In the first three rows, where the performance of both conventional and automated assessment is compared, we observe that of the three studies discussed [63,68,91], both the conventional and automated assessment approaches showed good performance metrics, as detailed above. However, in the first row with MoCA, the conventional approach has a slightly higher sensitivity (0.9) and area under curve value (0.89), while the automated approach has a higher specificity (0.73). This finding of a higher sensitivity with the conventional approach indicates that the conventional approach is highly effective in identifying cognitively impaired persons.
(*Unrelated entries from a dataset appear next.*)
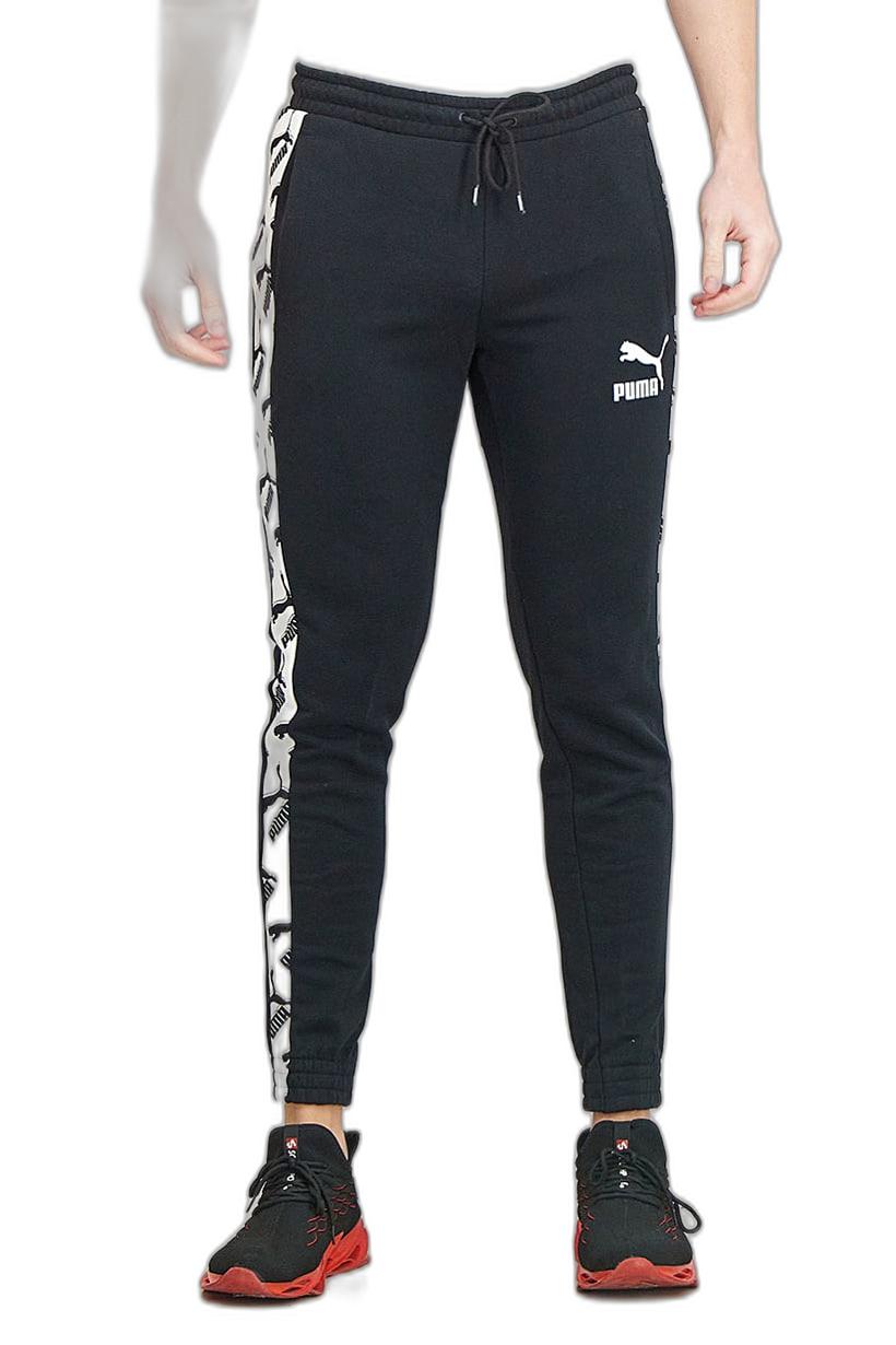بنطلون رياضي مطبوع باللونين الأبيض والأسود للرجال بقصة عادية.
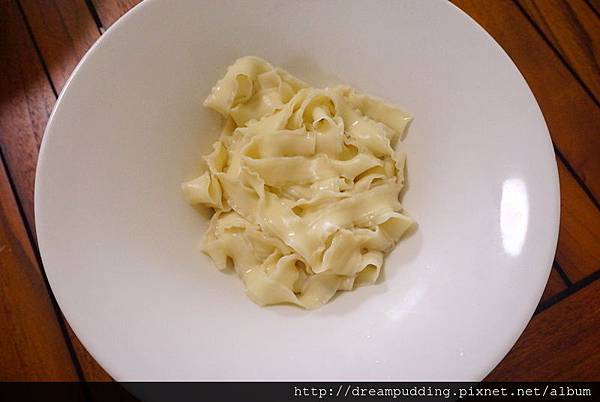 首先將煮熟的麵條撈起瀝乾後放在碗中。
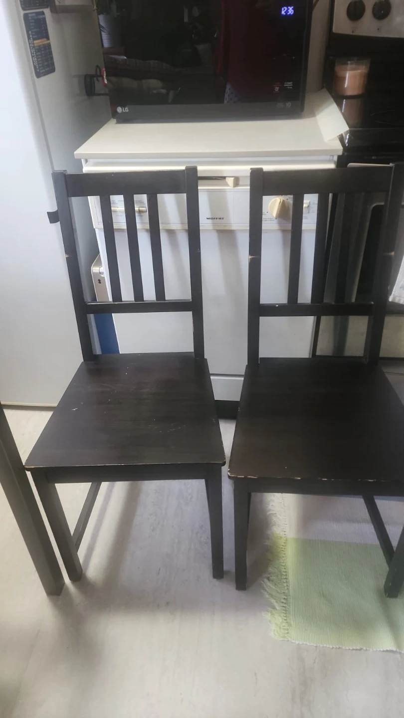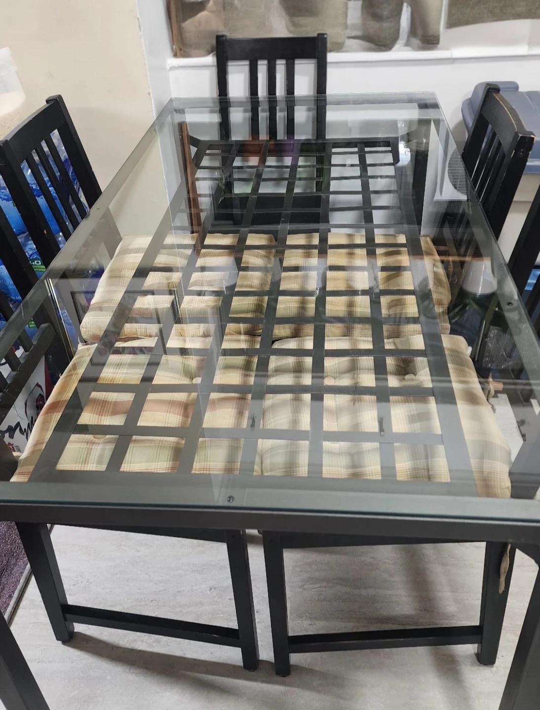 Selling a dining table with a glass top with metal frame legs and x6 wooden chairs with cushions.
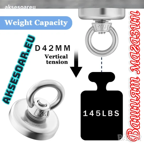 неодимов магнит. При идеални условия може да осигури теглителна сила от 9 /19
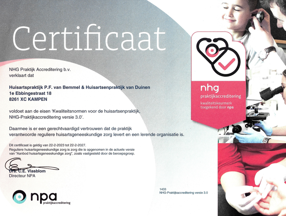 Praktijk Van Duinen werkt samen met Praktijk Van Bemmel voortdurend aan kwaliteit.
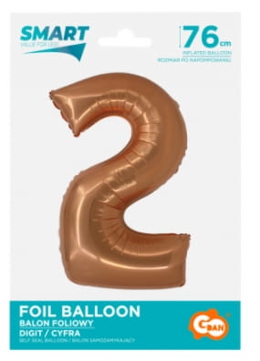 Balon foliowy Smart, Cyfra 2 miedziana, 76 cm
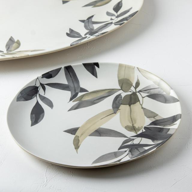 自然な色合いの葉模様デザインが特徴の「BALI LEAVES」シリーズです。無地の食器と重ねたり、シンプルなグラスと組み合わせるなど、テーブルコーディネートを楽しみたい方にもおすすめです。
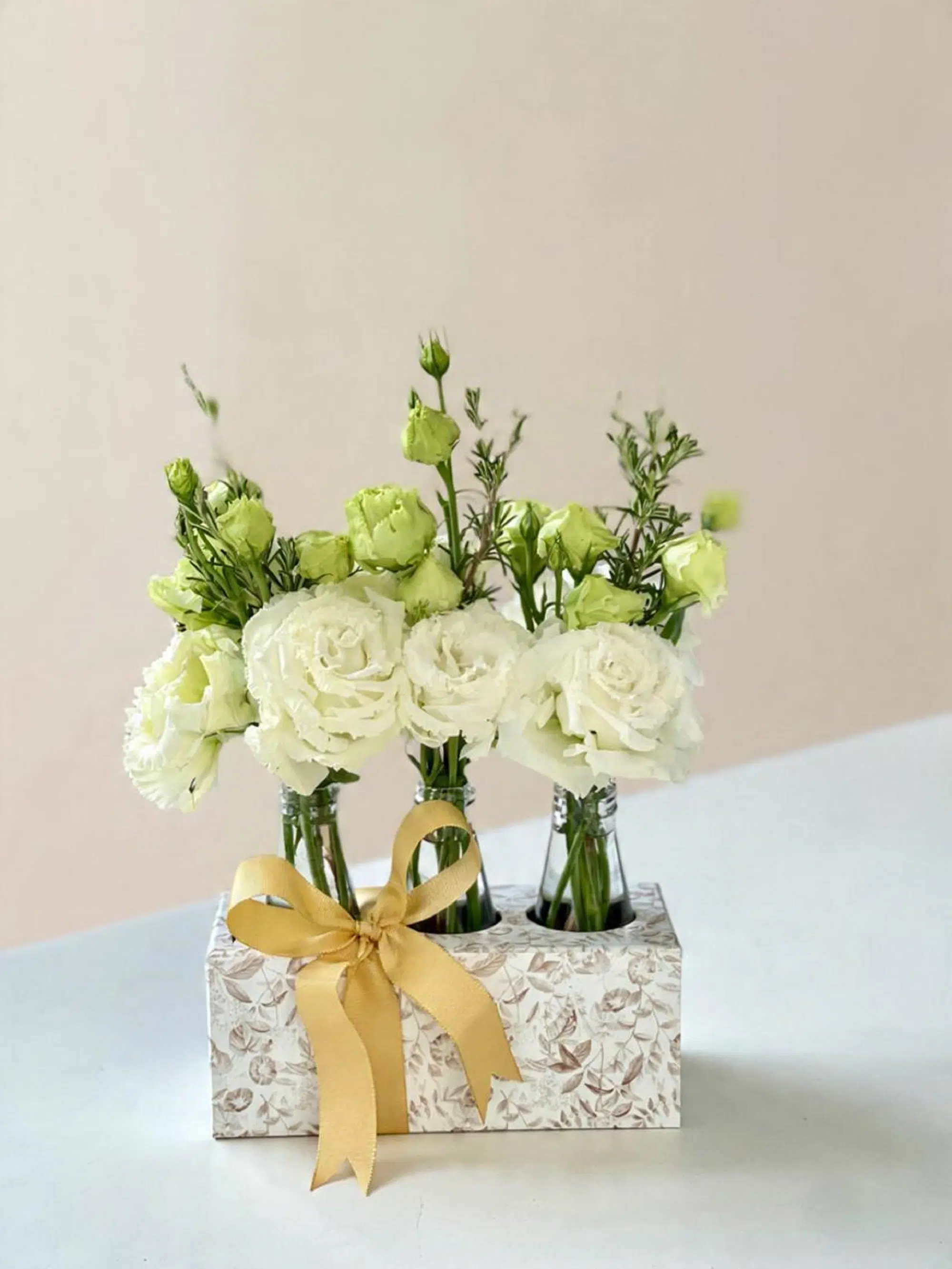 O Trastevere é um arranjo de Lisianthus brancos, que trazem pureza e leveza em uma composição delicada.
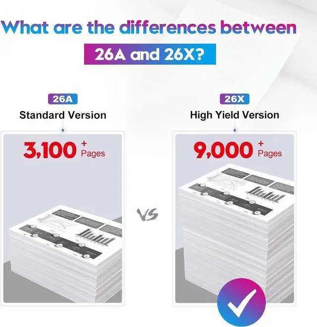 Package Contents: 2 Pack High Yield 26X 26A 226A Black Toner Cartridges

On the other hand, the automated approach with higher specificity suggests that it is effective in identifying those who are not cognitively impaired. In the clock drawing test study [68], the automated assessment approach showed higher sensitivity (0.81), while the conventional approach showed higher specificity (0.83). Again, this indicates the effectiveness of the automated approach in identifying cognitively impaired individuals and the conventional approach’s effectiveness in effectively identifying individuals who are not cognitively impaired. In the MoCA study [63], in the third row, the automated approach showed higher AUC (0.985), sensitivity (0.99), and specificity (0.93). This presents the automated approach as a tool capable of effectively identifying cognitively impaired and unimpaired individuals. Overall, in these three studies, the automated approach demonstrated better sensitivity and specificity than the conventional approach.
Considering other automated tools presented in Table 2, like the mSTS-MCI [68], CoCoSc [92], CCS [67], C-ABC [33], and MoCA-CC [64], the result shows high correlation values with the conventional tools with values ranging from 0.71 to 0.93. Also, among these five studies [33,64,67,68,92], the sensitivity values range from 0.77 to 0.99, while specificity values range from 0.61 to 0.93. This result demonstrates that these automated tools can be used as an alternative to the pen-paper approach. The high sensitivity of these tools also shows that they can identify subtle changes, unlike the MMSE, which is known in the literature to have low sensitivity (0.65) [93] compared to MoCA in diagnosing cognitive impairment [87]. The high sensitivity (0.99) [68] achieved with the use of an automated approach, like mSTS-MCI, highlights its potential for supporting early diagnosis leading to earlier intervention.
Based on the performance metrics reported in Table 2, the automated approach of assessment can effectively measure several cognitive domains, like the conventional approach. Further information on more automated assessment tools is provided in Table S1a–e in the annex.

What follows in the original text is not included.